The focus of this paper is to introduce algorithms with alternated inertial step to solve split feasibility problems. We obtain global convergence of the sequences of iterates generated by the proposed methods under some appropriate conditions. When the split feasibility problem satisfies some bounded linear regularity property, we show that the generated sequences converge linearly. As far as we know, no linear convergence result has been obtained before now for algorithms with inertial steps to solve split feasibility problems in the literature.
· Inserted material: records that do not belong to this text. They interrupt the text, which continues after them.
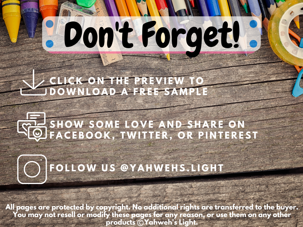 No additional rights are transferred to the buyer. You may not resell these images for any reason, or use them on any other products ©Yahweh’s Light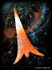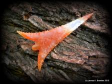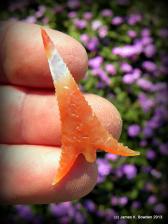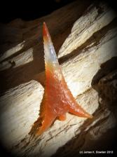 This multicolored arrowhead glows when back lit against the sun, and is stunning with the broad color bands that make it a unique piece.  Flintknapped by James Bowden, it holds his characteristic style with delicate serrations and long out swept wings and a needle like tip.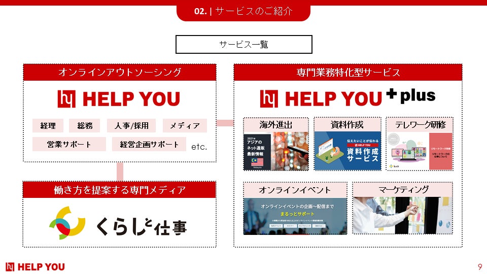 事業内容 :オンラインアウトソーシングサービス「HELP YOU(ヘルプユー)」の運営。働き手への学びのサービス、働き手を応援するメディア事業なども展開。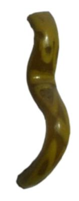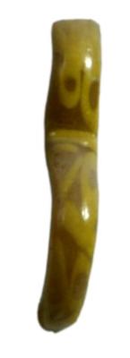 | Description / विवरण | Fragment of glass bangle decorated with yellow color pigment on the curved body. The decoration includes thick horizontals, circles and other geometric designs. |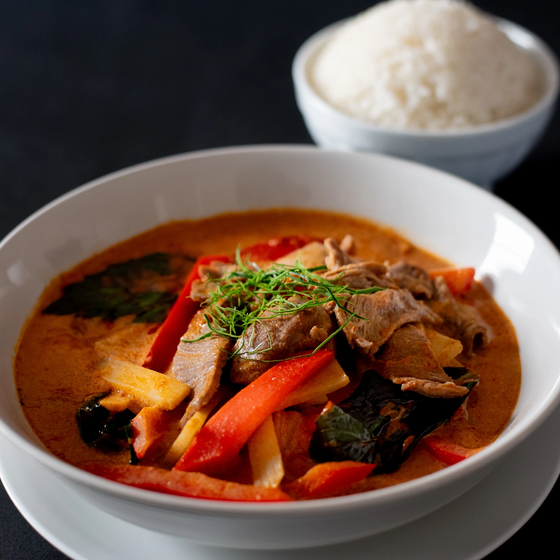 A creamy delight! Coconut milk sauce melds with Bamboo Shoots, Basil Leaves, finely cut makrut lime leaves, and red bell peppers, infused with Panang curry paste. Served with a side of steamed white jasmine rice. This item is gluten-free.

Our numerical experiments which include a real-world application to jointly constrained Nash equilibrium model show that our methods outperform some inertial methods and other related methods for split feasibility problems in the literature.

本文的重点是介绍具有交替惯性步长的算法来解决分裂可行性问题。我们在某些适当的条件下获得了所提出的方法生成的迭代序列的全局收敛性。当分裂可行性问题满足某些有界线性正则性时，我们证明生成的序列是线性收敛的。据我们所知，到目前为止，对于采用惯性步长的算法来解决分裂可行性问题的文献，还没有获得线性收敛结果。我们的数值实验包括在联合约束的Nash平衡模型中的实际应用，结果表明，我们的方法优于一些惯性方法和其他相关方法，可以解决文献中的分裂可行性问题。